There are boots for dogs, and fur guards as well that will keep the snow from clumping on the legs, and well as keeping them warmer.


----------



## Dylansmum (Oct 29, 2010)

Dylan loved the snow but did suffer when we were out long enough for him to get ice build up between his toes - that was really uncomfortable. Don't know what he'll be like in the heat, but probably will cope as well as any dog. I would think that 3 miles would be fine with plenty of water. And if there are any rivers or lakes they love those for a cooldown!


----------



## wilfiboy (Sep 18, 2010)

Sounds like great fun for a cockapoo I would have posted what the other said just snow and ice balls and shorter coat in summer... enjoy x


----------



## kendal (Jul 16, 2009)

Enneirda. said:


> There are boots for dogs, and fur guards as well that will keep the snow from clumping on the legs, and well as keeping them warmer.


ok ive got the boots, but never seen fur guards, do you have a link to any i can see ?

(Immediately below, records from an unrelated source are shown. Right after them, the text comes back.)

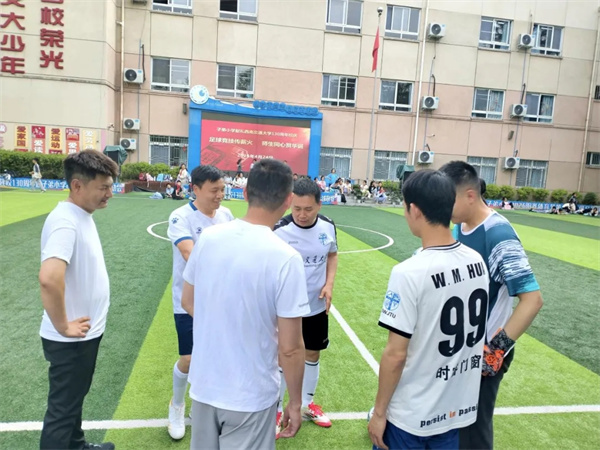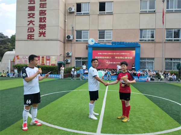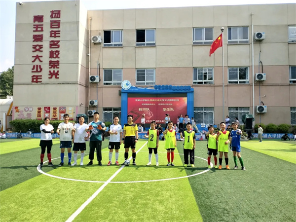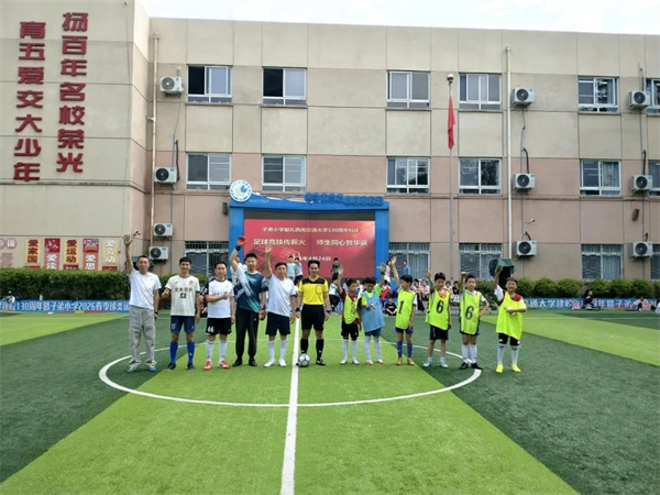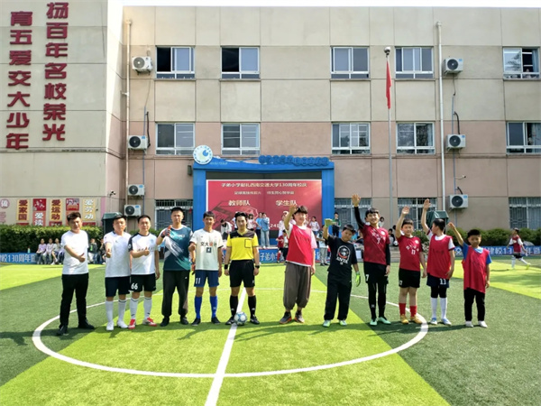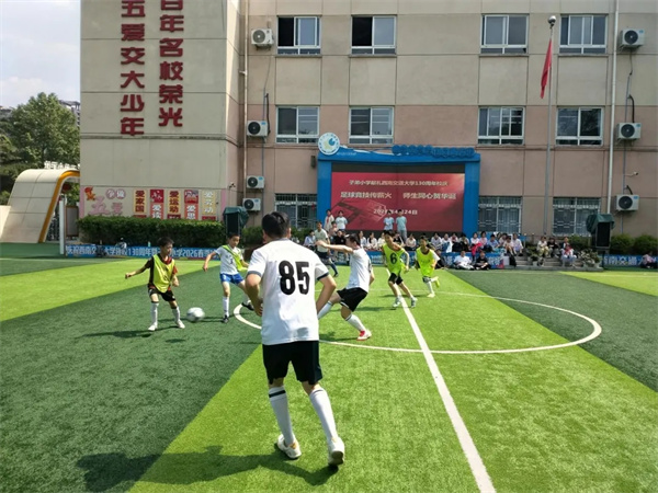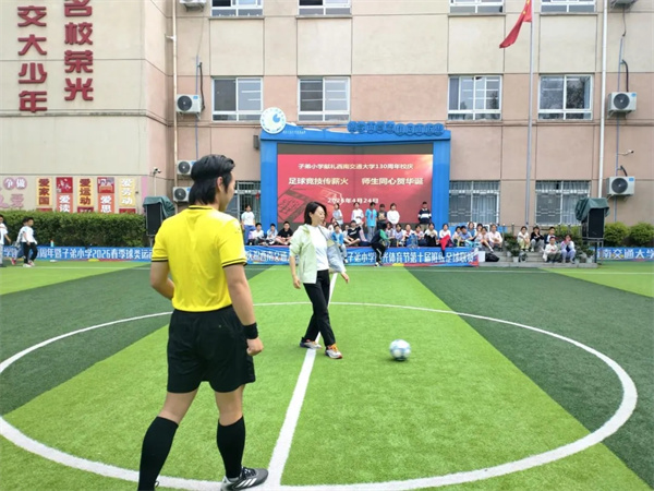 为热烈庆祝西南交通大学建校130周年,深入践行“健康第一”的教育理念,引导师生树立正确政绩观,营造团结奋进、活力向上的校园氛围,4月24日下午,由西南交通大学子弟小学工会精心组织的“足球竞技传薪火,师生同心贺华诞”师生足球友谊赛在学校足球场激情开赛。全体参赛师生以球会友、以赛传情,用绿茵场上的奔跑与呐喊,为交大130周年校庆献上了一份充满活力的祝福。
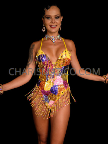 • A stunning customized leotard that is perfect for music festivals, EDM parties, and rave events.
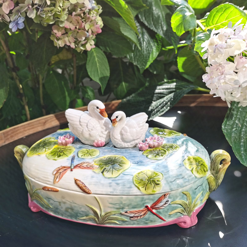 Ceramic Delight Box Swan Cookies Jar White Goose candy Box Swan Lake Snack Box Newlyweds for Practical Gift
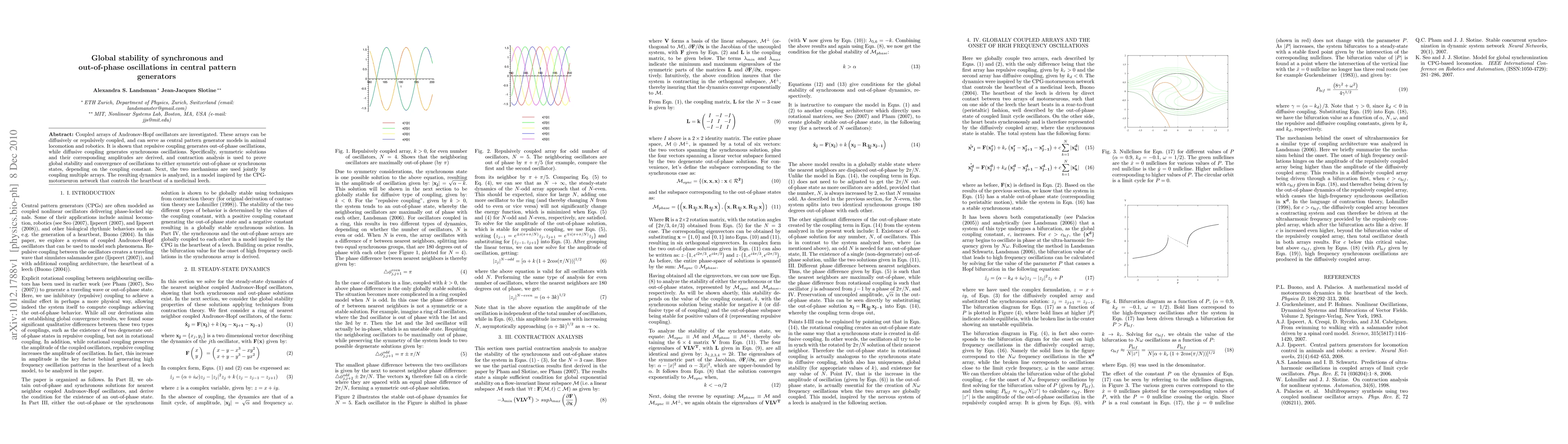 Coupled arrays of Andronov-Hopf oscillators are investigated. These arrays can be diffusively or repulsively coupled, and can serve as central pattern generator models in animal locomotion and robotics. It is shown that repulsive coupling generates out-of-phase oscillations, while diffusive coupling generates synchronous oscillations. Specifically, symmetric solutions and their corresponding amplitudes are derived, and contraction analysis is used to prove global stability and convergence of oscillations to either symmetric out-of-phase or synchronous states, depending on the coupling constant. Next, the two mechanisms are used jointly by coupling multiple arrays. The resulting dynamics is analyzed, in a model inspired by the CPG-motorneuron network that controls the heartbeat of a medicinal leech.
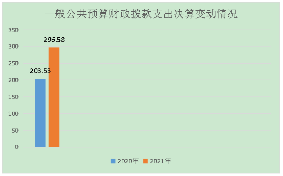 2021年一般公共预算财政拨款支出296.58万元,占本年支出合计的90.83%。与2020年相比,一般公共预算财政拨款支出增加93.05万元,增长45.72%。主要变动原因是增加公墓辅助管理、服务项目、碑墓方面项目经费。
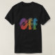 Um design de t-shirt com o texto "OFF" numa fonte futurística pixelizada, com uma paleta de cor neon. O design evoca um sentido de tecnologia e ciberpunk, com uma vibração lúdica e enérgica. DESIGN de camiseta OFF Fonte flexível Pixelada neon cores Cyberpunk Tecnologia inteligente moderna Tendy Graphic design de moda Roupa de moda

Gypsy suffers in the heat, she is the skiny one of my lot but like my mum doesnt like worm hot weather. she will sit herself infrount of the fan.


----------



## Enneirda. (Mar 5, 2010)

Here's one site:
http://www.whisperwindstandardpoodles.com/coat.html
And another:
http://www.petco.com/product/111421/Leg-Wraps-Black-Leg-Protectors-for-Dogs.aspx

I'll keep looking for the other I saw, it was a full body suit. These are like it though.


----------



## parapluie (Dec 22, 2010)

Rufus looooves the snow. We haven't had him in the summer yet as he's too young but I'm sure he'll love that too! He doesn't seem to be bothered one bit about if it's warm, cold, raining, snowing. He just loves to go out!


----------



## wilfiboy (Sep 18, 2010)

Enneirda. said:


> Here's one site:
> http://www.whisperwindstandardpoodles.com/coat.html
> And another:
> http://www.petco.com/product/111421/Leg-Wraps-Black-Leg-Protectors-for-Dogs.aspx
> ...


I like those, would come in handy for mud as well a snow and ice. 
Good old Rufie, Wilf prfers not to bother if its raining he takes a look out and comes back in .... will hold a pee for hours lol x


----------



## lady amanda (Nov 26, 2010)

WOW lady is the same as rufus....doesn't matter what the weather she wants outside.


----------



## Enneirda. (Mar 5, 2010)

'Lo's a country girl, she wants out all.the.time. D though, he's like Wilf, any bad weather and he'd rather stay in lol.


----------



## [email protected] (Mar 20, 2011)

Gosh I am getting lots of good responses to help me make my decision and beautiful pictures, too. Maybe I'm a little nervous as someone who has not had a dog in years, though I've done my share of dogsitting. It is a huge responsibility. Clare


----------